05-12-2023 02:00 PM - edited 05-12-2023 02:02 PM
I was handed some legacy code the other day that was responsible for generating a ton of test data files that nobody has the ability to read. It is my task to write a viewer for all of these legacy files.
The code that writes the file has a header that is just a flattened string from a cluster. However, there are two different cluster types: one with arrays in it, and one without. I need some code to uniquely identify which one of these clusters was flattened (see below)
I'm hoping someone has a clever way to do this. Some options I have considered:
At this point, I'm leaning towards option 2. I can imagine a scenario that it would fail the check, but I don't think it very likely. Still, I'm hoping someone else has a better idea.
05-12-2023 02:47 PM - edited 05-12-2023 02:47 PM
If you try to unflatten to the two data structures in parallel, I would expect one to typically generate an error or a "remaining string" that is not empty. Have you tried?
05-12-2023 03:27 PM
@altenbach wrote:
If you try to unflatten to the two data structures in parallel, I would expect one to typically generate an error or a "remaining string" that is not empty. Have you tried?
I was curious about this so I made the following example:
As long as there are enough bytes in the flattened string, you can unflatten whatever you'd like. You both probably knew this already but I wasn't sure.
I might try doing both, then doing some checks on the data to see if they make sense. For example, a multi-channel system will have the same number of elements in the Offset, Gain, and Name arrays. It'll be very unlikely for that to accidentally happen. Add your option 3 to look for non-ASCII characters and you could filter even more errors (the ol' "Swiss Cheese Model").
If all else fails and it's still ambiguous, you could have a popup for the user to view. Something like plotting the data points in a popup two ways and asking the user to identify which one "looks right".
05-12-2023 04:15 PM
You have not looked at the size of the "rest of binary string" output. It'll tell you if there is more data than expected.
05-12-2023 05:03 PM
Thank you both.
I didn't include "look for error" on my list because with data in the arrays it almost always worked without error so it wasn't worth checking. However, I did not consider looking at the extra bytes.
According to help "This function does not convert all of the bytes if the size of binary string is not a multiple of the size of type". If I'm reading that right, I could theoretically still get a "multi" cluster that would convert as a "single" with zero remaining bytes... but I think a combination of these methods will work well enough.

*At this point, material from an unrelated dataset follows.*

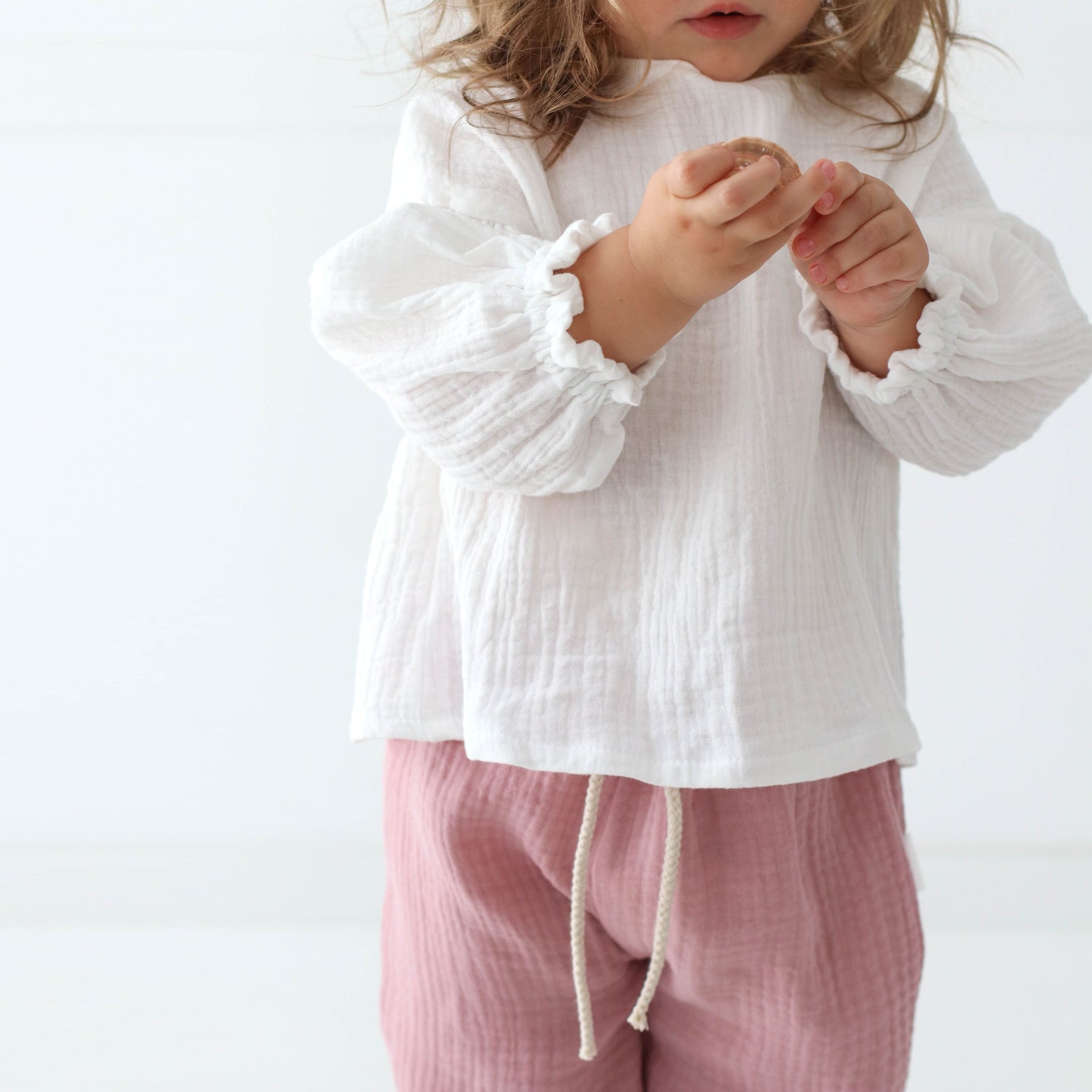A breezy little dream for your mini! This handmade muslin double gauze top features playful puffy sleeves, soft elastic cuffs for comfort, and sweet coconut buttons at the back. Made to order with love, it’s the perfect mix of cozy and chic for every little adventure.

Side note: It seems like every time I've picked up a project from LabVIEW 8 ish era or earlier, it was super common to see config files with just a flattened cluster. And every single time I've seen it, the practice has caused me problems. I sure am glad better methods have come about like JSON or XML files...
05-12-2023 05:59 PM
I have used binary flattened files regularly. But the magic is to have some versioning if you allow for different file types. Typically I always start such files with a "magic" 32-bit integer. Then each block has its own "magic" 32-bit integer. That way it is actually fairly easy to add new block types to a file.
Of course one problem about binary files remains. A single corrupted byte can make the whole file pretty difficult to parse.
05-13-2023 01:50 PM
@BertMcMahan wrote:
@altenbach wrote:
If you try to unflatten to the two data structures in parallel, I would expect one to typically generate an error or a "remaining string" that is not empty. Have you tried?
I was curious about this so I made the following example:
As long as there are enough bytes in the flattened string, you can unflatten whatever you'd like. You both probably knew this already but I wasn't sure.
I might try doing both, then doing some checks on the data to see if they make sense. For example, a multi-channel system will have the same number of elements in the Offset, Gain, and Name arrays. It'll be very unlikely for that to accidentally happen. Add your option 3 to look for non-ASCII characters and you could filter even more errors (the ol' "Swiss Cheese Model").
If all else fails and it's still ambiguous, you could have a popup for the user to view. Something like plotting the data points in a popup two ways and asking the user to identify which one "looks right".
Can't give any advice but this problem is not easy. Two different structures can give the same flattened string. ¯\_(ツ)_/¯
05-13-2023 03:19 PM - edited 05-13-2023 03:19 PM
Indeed you could deliberately choose values that work with both clusters without error and remaining string:
In the first example, all real values are single-precision floats, so both scalar zeros and empty arrays flatten to 4 null bytes.
The second example is trickier. I have chosen a double number that has 0x0000 0001 in its first 4 bytes, so that it is the same as an array length of 1 in the other cluster. A similar trick could be done with the channel names, but it would require names with unprintable characters…
While this is possible to have the same flattened string, with real-world data it is highly unlikely because it would require either null data (like example 1) or extremely small numbers or names with unrealistic characters (like example 2).
05-13-2023 04:13 PM
Yes, if we assume that the orange values are SGL and allow empty arrays, we might get an ambiguity.
Of course downstream we probably want the same cluster for both versions, so we might create arrays with one element if the scalar data is encountered.